Another factor in retail, highlighted by Boylan (2018), is the broadening of product ranges in larger retail outlets, with grocery stores introducing more clothing lines, for example. These items will often be slower moving than staple food ranges, thereby increasing the proportion of intermittent items. Recent discussions with major supermarkets in the United Kingdom such as Sainsbury's and Tesco indicate that intermittent demand forecasting has become one of their major problems.
Intermittent series occur in many other settings. For example, the planning of inventories for emergency relief must address highly intermittent and lumpy demand. Indeed, the benefits of good forecasting and planning (for any type of series) apply just as much to charitable and not‐for‐profit organisations as they do for profit‐making wholesalers and retailers. Support for the promotion and realisation of these wider benefits is being offered at the time of writing by the ‘Forecasting for Social Good’ (www.f4sg.org) and ‘Democratising Forecasting’ initiatives launched in 2018 by Dr Bahman Rostami‐Tabar.

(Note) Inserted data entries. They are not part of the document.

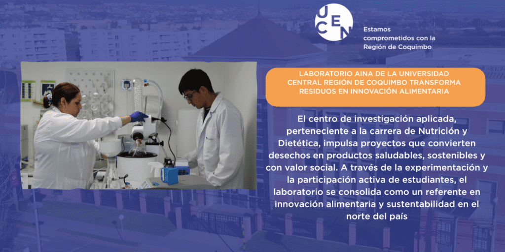 En la Región de Coquimbo, el Laboratorio AINA (Alimentos, Innovación y Nutrición Avanzada) de la Universidad Central se ha posicionado como un referente en sustentabilidad e investigación aplicada. Desde la carrera de Nutrición y Dietética, estudiantes y académicos desarrollan proyectos que transforman residuos alimentarios en productos innovadores y ecoamigables, como acuarelas comestibles elaboradas con descarte de betarraga y almidón de maíz, y gomitas con compuestos prebióticos que favorecen la flora intestinal.
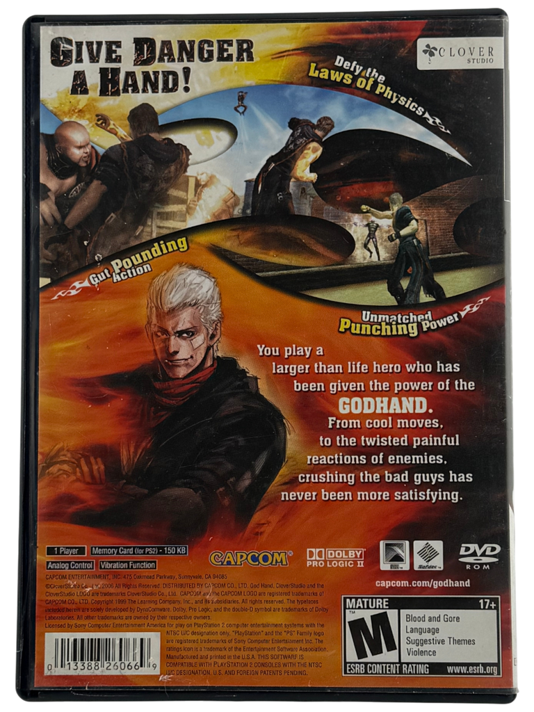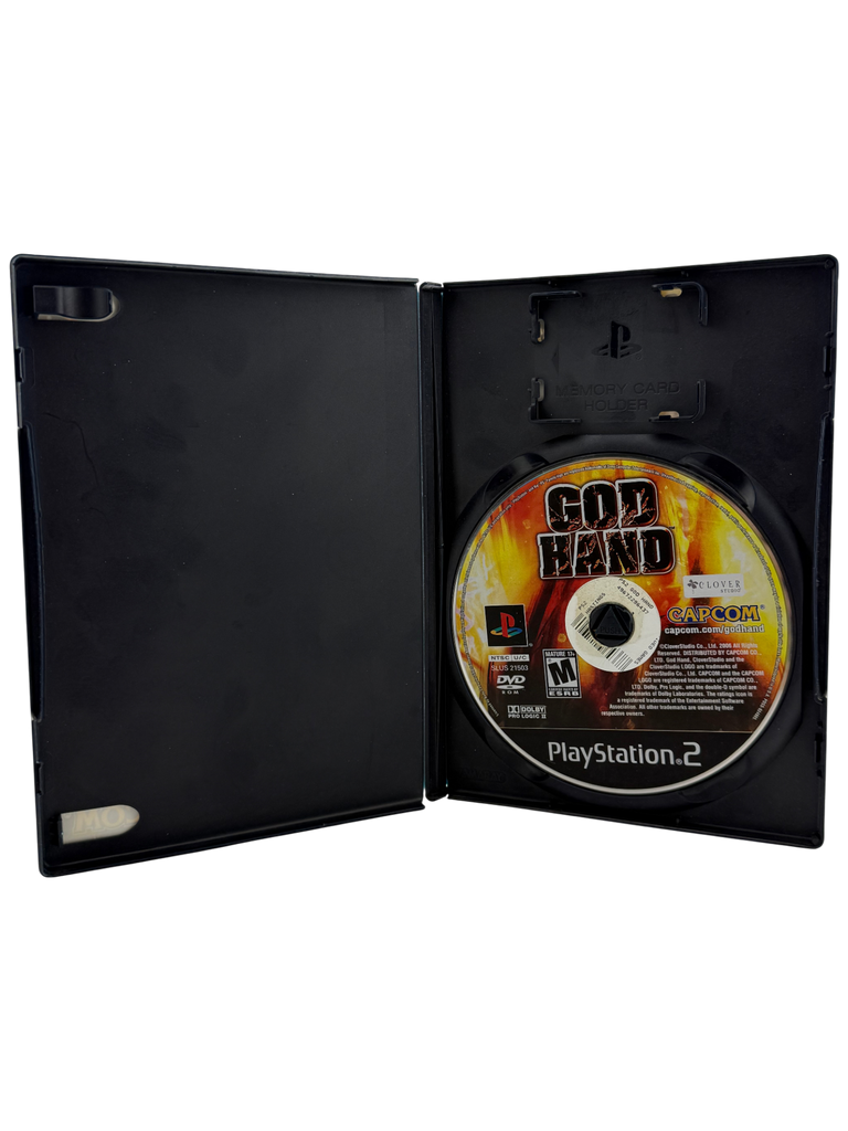 This is a copy of God Hand for PlayStation 2 that includes the original game disc and instruction manual. The original case with cover art is not included. The disc has been tested and is fully functional, showing only light wear from prior use. The manual is intact and in good condition with minor handling wear. Please review the photos provided for a clear view of the item’s condition.
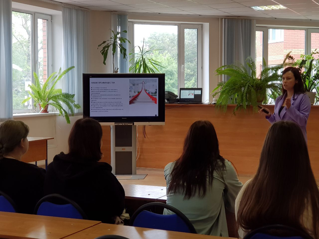 В дальнейшем встреча с гостями продолжилась в читальном зале. Проректор по развитию программ магистратуры и аспирантуры Рассохина Татьяна Васильевна поприветствовала участников, рассказала об истории и структуре Академии, приоритетных направлениях развития, условиях получения образования.

Nikolopoulos (2021) made a strong case for the use of intermittent forecasting methods for series that are not intermittent but have sporadic peaks. These time series can be decomposed into two subseries: a baseline series and one containing more extreme values. Standard time series or causal methods can be used for the former. The latter include rare but expected events (‘grey swans’) and truly unexpected special events (‘black swans’) (Taleb 2007) and can be addressed using intermittent forecasting methods, at least as a benchmark against which other methods may be compared. Methods to address intermittence have their origins in inventory planning, but Nikolopoulos (2021) argued that these forecasting methods can be used more widely in business, finance, and economics or, indeed, in any other discipline. This line of enquiry will not be pursued in this book, although it seems a very promising direction for future research.